Part of the book series: Lecture Notes in Computer Science ((LNIP,volume 12263))

Abstract

In microsurgery, visualization systems such as the traditional surgical microscope are essential, as surgeons rely on the highly magnified stereoscopic view for performing their operative tasks. For well-aligned visual perspectives onto the operating field during surgery, precise adjustments of the positioning of the system are frequently required. This, however, implies that the surgeon has to reach for the device and each time remove their hand(s) from the operating field, i.e. a disruptive event to the operative task at hand. To address this, we propose two novel hands-free interaction concepts based on head-, and gaze-tracking, that should allow surgeons to efficiently control the 6D positioning of a robotic visualization system with little interruptions to the main operative task.
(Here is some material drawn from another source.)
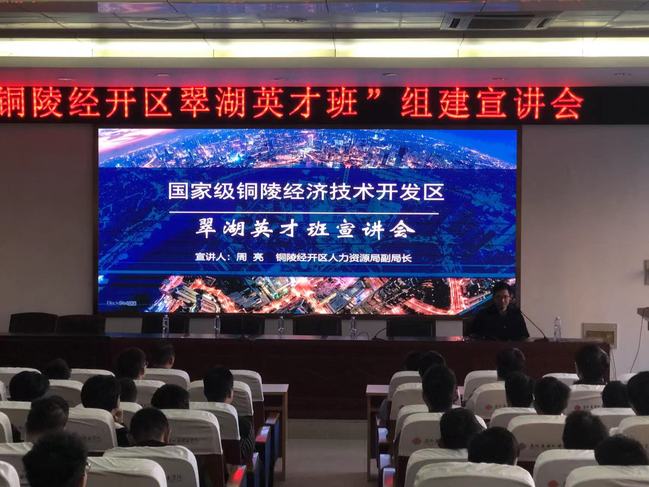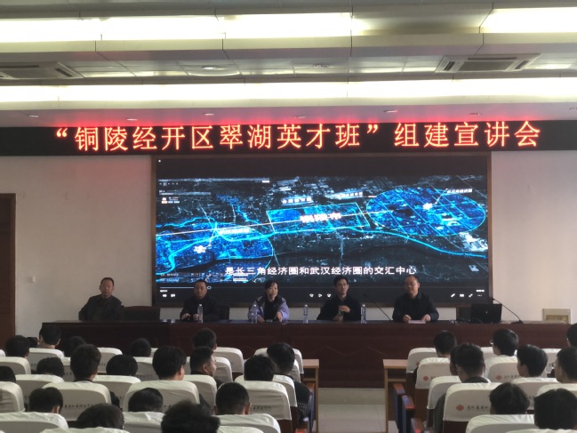 为贯彻落实《国家职业教育改革实施方案》等文件精神,系统深化职业教育人才培养模式和方式,推动职教与就业有效衔接,11月15日,在阶梯201报告厅召开“铜陵经开区翠湖英才班” 宣讲会。机电学院院长陈静,铜陵市经开区人力资源局副局长周亮,教务处、招就处等部门负责人及100多名学生代表参加了大会。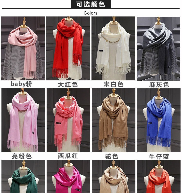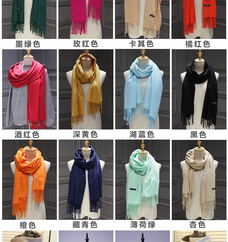 캐시미어 스카프 도매 단색 캐시미어 따뜻한 빨간색 연간 스카프 여성 겨울 네이비 술 숄스토어 가기

The new concepts were purely simulated in a virtual reality (VR) environment using a HTC Vive for a robotic visualization system. The two interaction concepts were evaluated within the virtual reality simulation in a quantitative user study with 11 neurosurgeons at the Charité hospital and compared to conventional interaction with a surgical microscope. After a brief introduction to the interaction concepts in the virtual reality simulation, neurosurgeons were 29% faster in reaching a set of virtual targets (position and orientation) in simulation as compared to reaching equivalent physical targets on a 3D-printed reference object.

Supported by BMBF (German Federal Ministry of Education and Research).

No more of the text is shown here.